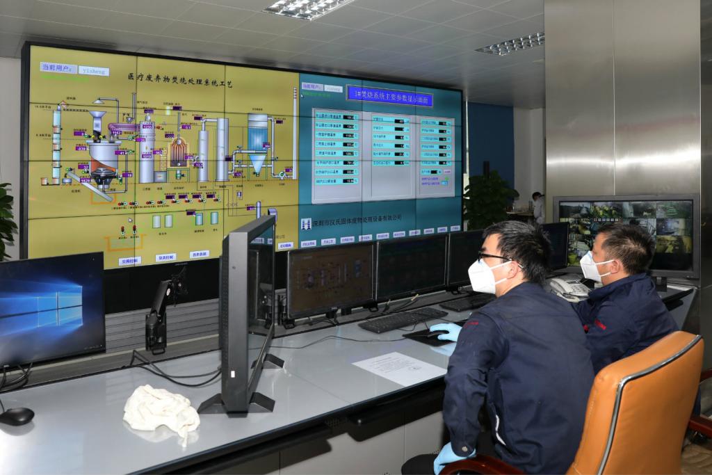 ▲工作人員通過(guò)實(shí)時(shí)影像監(jiān)測(cè)醫(yī)療廢物處置過(guò)程。
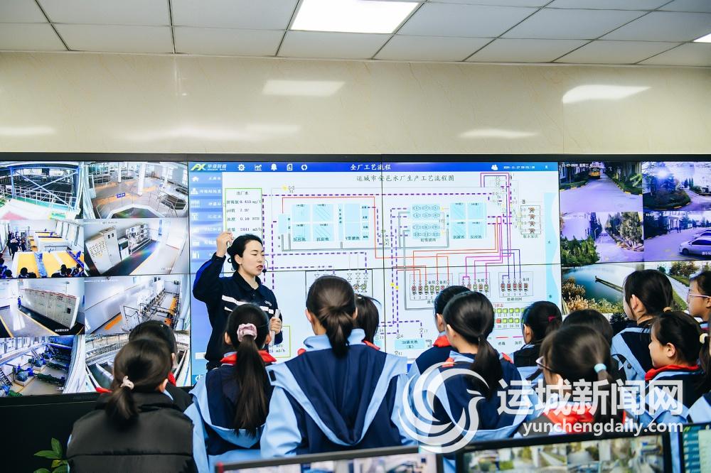11月27日上午,盐湖区魏风小学安邑西街校区150余名师生来到运城首创水务有限公司安邑水厂,零距离探索生活饮用水的来源及生产工艺。师生跟随讲解员的脚步,先后参观了中控室、沉淀池、反应池、滤池,以及加药间、消毒间等地,纷纷感慨水源净化的神奇和工作人员的不易。活动中,学生们积极与水厂工作人员交流,询问有关污水处理的生产知识,并分享了自己的节水小妙招。
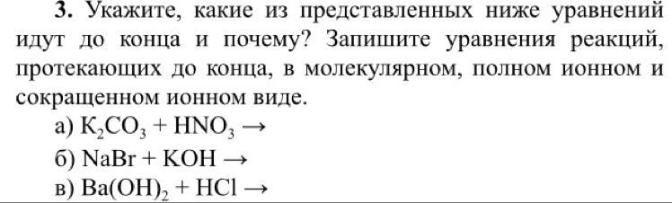 пожалуйста помогите кто шарит в химии 9 класс, уравнения ионные составлять не надо, просто укажите какие идут до конца, какие нет, и почему
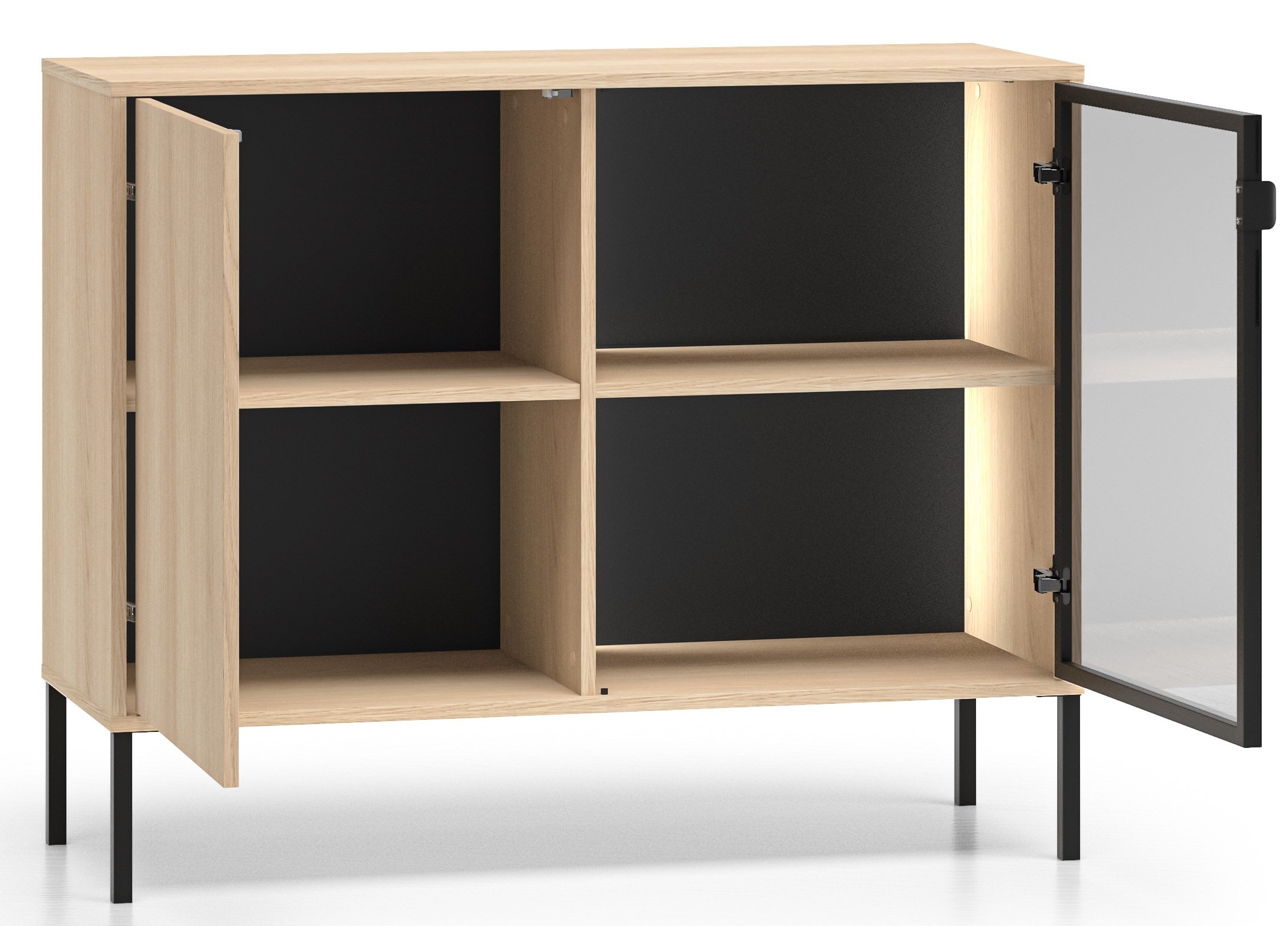 Komoda Barnee 03 donosi savršenu ravnotežu između suvremenog dizajna i industrijske elegancije. Vanjština u boji hrasta lindberg naglašava prirodan izgled drva, dok metalni okvir i visoke noge dodaju dojam robusnosti i lakoće istovremeno. Izrađena je od kvalitetnih materijala – kombinacije MDF ploča, iverala, metalnih elemenata i kaljenog grafitnog stakla, što osigurava čvrstoću, trajnost i vizualnu privlačnost. Unutrašnjost skriva promišljeno osmišljen prostor s više ladica i površina za pohranu, koji omogućuju uredan izgled dnevnog boravka, blagovaonice ili predsoblja.
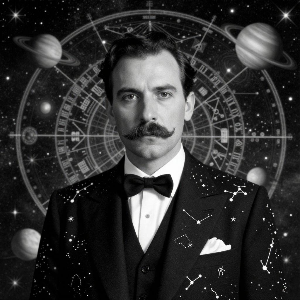 A monochrome, highly detailed digital portrait of a man with a mustache dressed in a classic suit adorned with constellation patterns. Behind him is an intricate celestial backdrop featuring an astrological chart and various planetary bodies, blending vintage realism with cosmic and scientific themes.
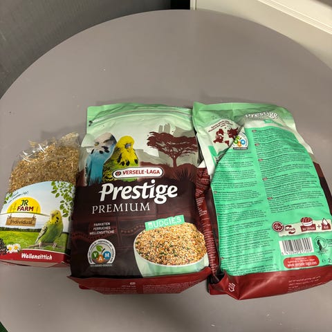 Undulatfoder fra jr farm 3 stk af 1 kg. Købt for nyligt. 7 pk med stænger fra vitakraft - gælder til september 2027. En stor pose hilser - købt for nyligt.
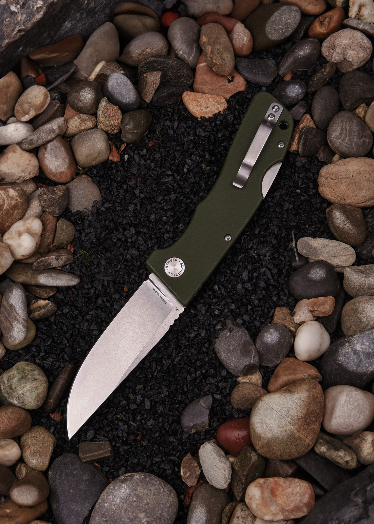 Die Klinge des Kvar ist aus dem bei uns schon bekannten Schwedenstahl Sandvik 14c28n gefertigt und ist ca. 9,2 cm lang. Das Finish der Klinge ist je nach Variante stonewashed oder blackwashed (Vacuum Titanium Coating). Sie ist ca. 3,7 mm dick, ist flach geschliffen und läuft auf Washern aus Bronze. Wie schon beim Tri sind die flachen Griffschalen aus rutschfestem und robusten G-10 hergestellt. Zur zusätzlichen Verstärkung der 13,4 mm breiten Griffkonstruktion sind innerhalb der Griffschalen stabile Liner aus Edelstahl verbaut. Der Taschenclip lässt das Kvar sicher aufbewahrt in deiner Hosentasche verschwinden und ist auch für Linkshänder nach Belieben umsetzbar.
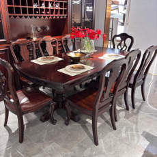 粤港家具 欧式实木餐桌餐厅成套家具组合美式圆桌饭桌组合

--------

_About this exercise:_
Give the listing again word for word, but drop every picture.

_Response to the task:_
 ▲工作人員通過(guò)實(shí)時(shí)影像監(jiān)測(cè)醫(yī)療廢物處置過(guò)程。
11月27日上午,盐湖区魏风小学安邑西街校区150余名师生来到运城首创水务有限公司安邑水厂,零距离探索生活饮用水的来源及生产工艺。师生跟随讲解员的脚步,先后参观了中控室、沉淀池、反应池、滤池,以及加药间、消毒间等地,纷纷感慨水源净化的神奇和工作人员的不易。活动中,学生们积极与水厂工作人员交流,询问有关污水处理的生产知识,并分享了自己的节水小妙招。
 пожалуйста помогите кто шарит в химии 9 класс, уравнения ионные составлять не надо, просто укажите какие идут до конца, какие нет, и почему
 Komoda Barnee 03 donosi savršenu ravnotežu između suvremenog dizajna i industrijske elegancije. Vanjština u boji hrasta lindberg naglašava prirodan izgled drva, dok metalni okvir i visoke noge dodaju dojam robusnosti i lakoće istovremeno. Izrađena je od kvalitetnih materijala – kombinacije MDF ploča, iverala, metalnih elemenata i kaljenog grafitnog stakla, što osigurava čvrstoću, trajnost i vizualnu privlačnost. Unutrašnjost skriva promišljeno osmišljen prostor s više ladica i površina za pohranu, koji omogućuju uredan izgled dnevnog boravka, blagovaonice ili predsoblja.
 A monochrome, highly detailed digital portrait of a man with a mustache dressed in a classic suit adorned with constellation patterns. Behind him is an intricate celestial backdrop featuring an astrological chart and various planetary bodies, blending vintage realism with cosmic and scientific themes.
 Undulatfoder fra jr farm 3 stk af 1 kg. Købt for nyligt. 7 pk med stænger fra vitakraft - gælder til september 2027. En stor pose hilser - købt for nyligt.
 Die Klinge des Kvar ist aus dem bei uns schon bekannten Schwedenstahl Sandvik 14c28n gefertigt und ist ca. 9,2 cm lang. Das Finish der Klinge ist je nach Variante stonewashed oder blackwashed (Vacuum Titanium Coating). Sie ist ca. 3,7 mm dick, ist flach geschliffen und läuft auf Washern aus Bronze. Wie schon beim Tri sind die flachen Griffschalen aus rutschfestem und robusten G-10 hergestellt. Zur zusätzlichen Verstärkung der 13,4 mm breiten Griffkonstruktion sind innerhalb der Griffschalen stabile Liner aus Edelstahl verbaut. Der Taschenclip lässt das Kvar sicher aufbewahrt in deiner Hosentasche verschwinden und ist auch für Linkshänder nach Belieben umsetzbar.
 粤港家具 欧式实木餐桌餐厅成套家具组合美式圆桌饭桌组合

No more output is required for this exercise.